We host a number of Offline RL Datasets on the hub. Today we will be training with the halfcheetah “expert” dataset, hosted here on hub.

First we need to import the load_dataset function from the 🤗 datasets package and download the dataset to our machine.

In [9]:
os.environ["WANDB_DISABLED"] = "true" # we diable weights and biases logging for this tutorial
DATASET_NAME = "halfcheetah-medium-expert-v2"

dataset = load_dataset("edbeeching/decision_transformer_gym_replay", DATASET_NAME, )

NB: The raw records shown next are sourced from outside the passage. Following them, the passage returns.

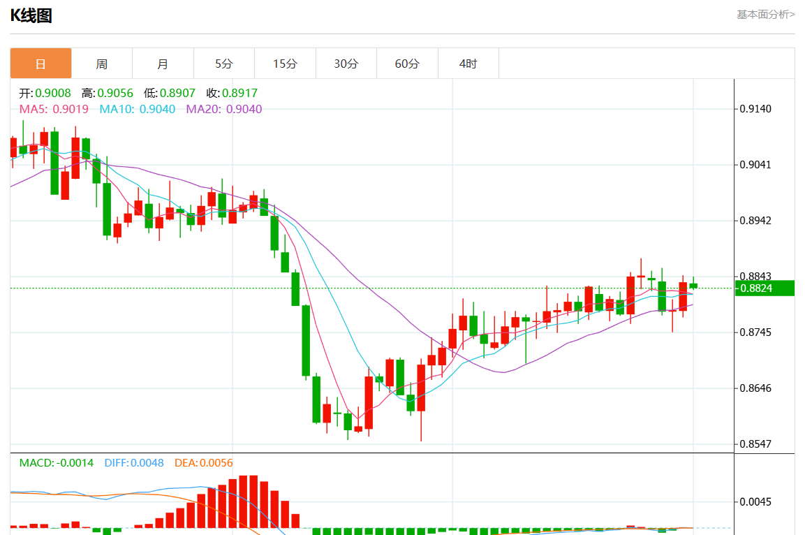 周五盘中,美元/瑞元报0.8824,跌幅0.10%。 今日分析:在0.8815上方建立多头头寸,目标在0.8855和0.8870。 技术点评:RI显示出上行势头。 支撑位:0.88850.88700.8855 阻力位:0.88150.88000.8790
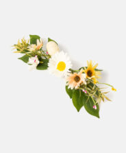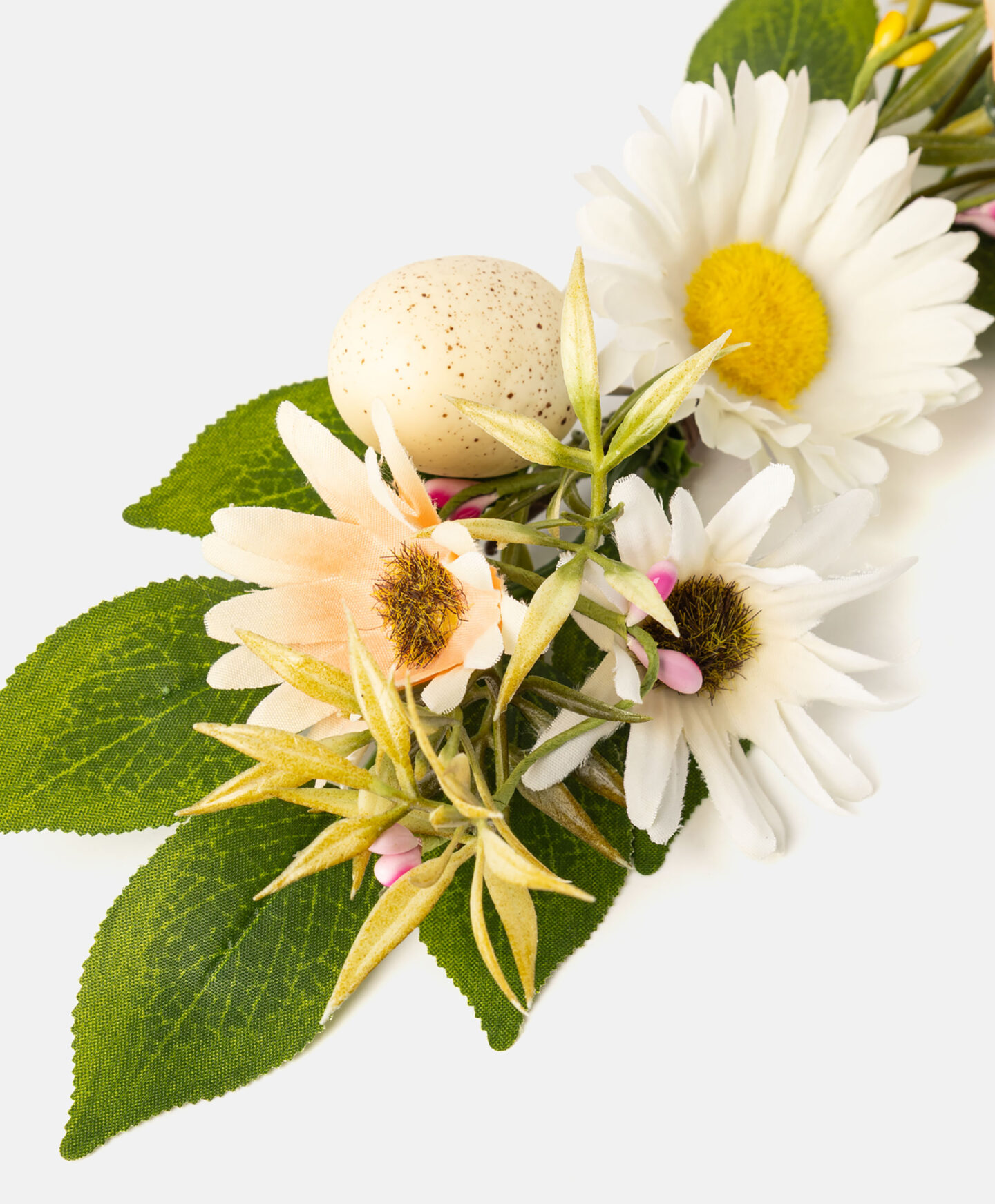 Bel venček je že pripravljen aranžma, ki ga lahko postavite na ročaj velikonočne košare. Je lahek, vzdržljiv in odporen na muhasto vreme. Je popolna alternativa svežemu cvetju, ki v tem letnem času morda ni na voljo. Na voljo v treh različnih dizajnih.
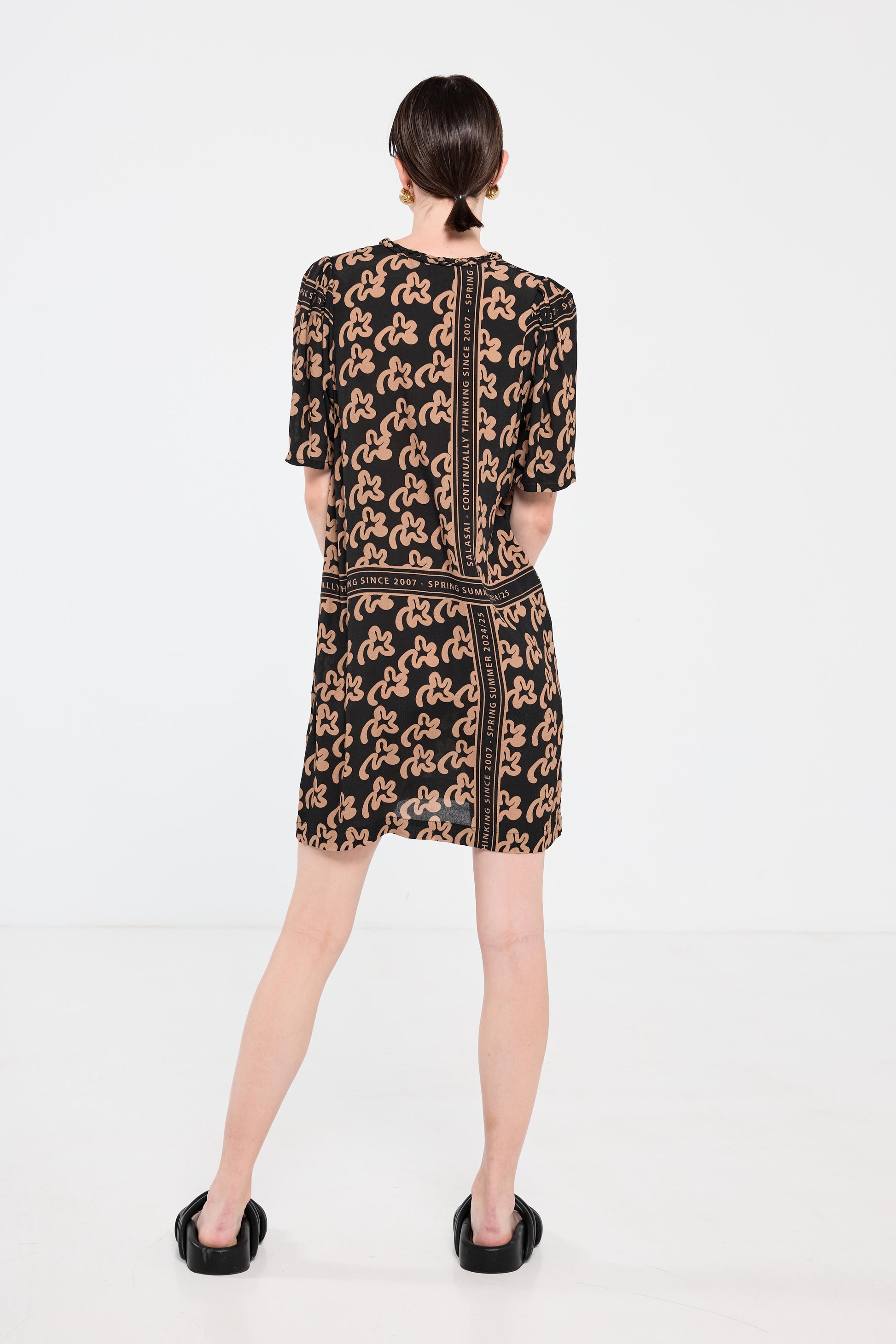 The just above-knee length showcases your legs beautifully, while the cropped sleeves offer a modern, airy feel. Perfect for both casual outings and dressed-up occasions, this T Dress is your go-to piece for versatile, chic fashion. Offered in our new SS24/25 prints Green Pop Palm & Beige Pop Palm.

### Step 4: Defining a custom DataCollator for the transformers Trainer class

In [3]:
@dataclass
class DecisionTransformerGymDataCollator:
    return_tensors: str = "pt"
    max_len: int = 20 #subsets of the episode we use for training
    state_dim: int = 17  # size of state space
    act_dim: int = 6  # size of action space
    max_ep_len: int = 1000 # max episode length in the dataset
    scale: float = 1000.0  # normalization of rewards/returns
    state_mean: np.array = None  # to store state means
    state_std: np.array = None  # to store state stds
    p_sample: np.array = None  # a distribution to take account trajectory lengths
    n_traj: int = 0 # to store the number of trajectories in the dataset

    def __init__(self, dataset) -> None:
        self.act_dim = len(dataset[0]["actions"][0])
        self.state_dim = len(dataset[0]["observations"][0])
        self.dataset = dataset
        # calculate dataset stats for normalization of states
        states = []
        traj_lens = []
        for obs in dataset["observations"]:
            states.extend(obs)
            traj_lens.append(len(obs))
        self.n_traj = len(traj_lens)
        states = np.vstack(states)
        self.state_mean, self.state_std = np.mean(states, axis=0), np.std(states, axis=0) + 1e-6

        traj_lens = np.array(traj_lens)
        self.p_sample = traj_lens / sum(traj_lens)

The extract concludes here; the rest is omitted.